Larger organisations are realising this and applying their own analytics programmes of work or expanding via the acquisition of smaller, more innovative biotechnology companies. As the value from analytics grows further still, this trend will continue through the immediate, shorter-term.

Real-world data for real-world solutions

Data sharing models are not only impacting disease signature focused R&D. Precision medicine, the tailoring of specific care plans and drug regimens towards patients of a specific genome, has traditionally been a process that pharmaceutical companies have been reluctant to invest in. This is partly because of data limitations and the fact that there is not enough information available on specific patient groups to create effective medicines and personalised treatment plans quickly.

Additionally, the data required for precision medicine is distributed, heterogeneous and unstructured, often requiring additional data cleansing to be truly useful. Many organisations lack the resource and analytical capability to interpret this information. To truly harness precision medicine capabilities, there’s a need to blend multiple public data information sources together with real-world evidence to build a detailed picture of a specific genetic group. If there is not enough information about issues affecting certain patient groups in specific areas, then it’s not possible to develop effective solutions.

This requires a combination of medical health claims, adverse effect reports, patient drug responses and efficacy studies to be brought together from disparate places and analysed. Using this information, it’s possible to determine what the subset of a population is, what the subpopulation is for the particular drug and then describe the care plans.

Developments in big data capabilities are making different datasets far more compatible. Medical records and real-world evidence can now be taken and combined into a unified format that is understandable, rather than having to look into each one separately. This derives from data fusion techniques bringing information together to examine and investigate statistical models. This allows pharmaceutical companies to generate new insights and medical information that practitioners can act upon, a process that once would take a team of experts years to sift through.

The solutions are there, but it requires more than technology alone! Access to new data is changing the way that the pharmaceutical industry works, and it’s clear that research and development is reaping the rewards of this. Yet, it is important to remember that benefiting from the increasing pool of open information requires more than access to data. Data on its own has no value unless the key information needed can be extracted from it. Although systems such as machine learning and AI can help with this process, they are not ‘black box’ solutions that can work alone.

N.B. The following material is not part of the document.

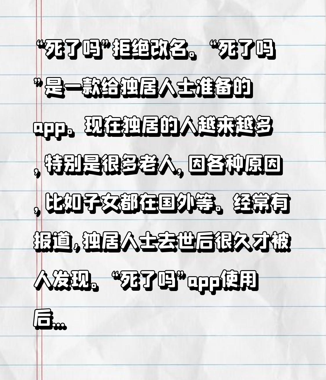 “死了吗”拒绝改名。 “死了吗”是一款给独居人士准备的app。 现在独居的人越来越多,特别是很多老人,因各种原因,比如子女都在国外等。经常有报道,独居人士去世后很久才被人发现。 “死了吗”app使用后,每天需要进去点一下签到,如果多天不签到,就会自动给你的好友发信息,让他们和你联系。 但这款app的名字太可怕了,不过作者现在说不打算改名字。 现在我们逐渐进入老年社会,而社会对老人的关爱还远远不够。我们应该多向其他国家或地区学习,毕竟别人的经验更丰富。

To generate the full value of machine learning requires teams with a broad range of skills who understand the business, the scientific domain, know where the new value is to be found and how to use the tools to extract valuable insights from the available data. That requires extensive expertise and people who can work together to find a common language with which to effectively communicate with partners both within and without the enterprise.

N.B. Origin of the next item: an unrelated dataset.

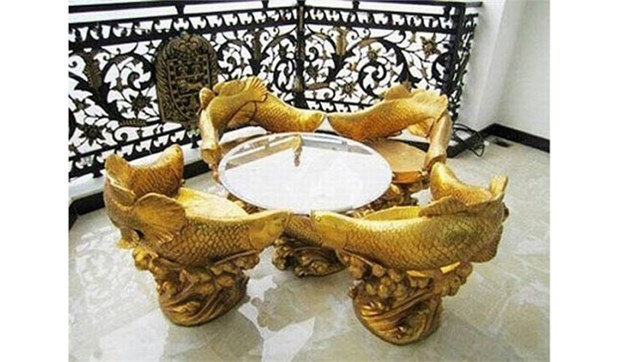 | Bộ bàn ghế dát vàng. Ảnh internet |

Data analytics techniques are needed to understand and identify causal relationships between the disease, patient attributes, environmental impact, race, upbringing and drug treatments, to name a few of the variables. Many pharmaceutical organisations will not have these capabilities and staff in-house, but this does not mean that they are excluded from utilising their data. By partnering with data science experts and analysts who can identify, understand, extract and effectively communicate the business value of this data, any organisation can make the most of the information it holds and be at the cutting edge of innovation in the industry.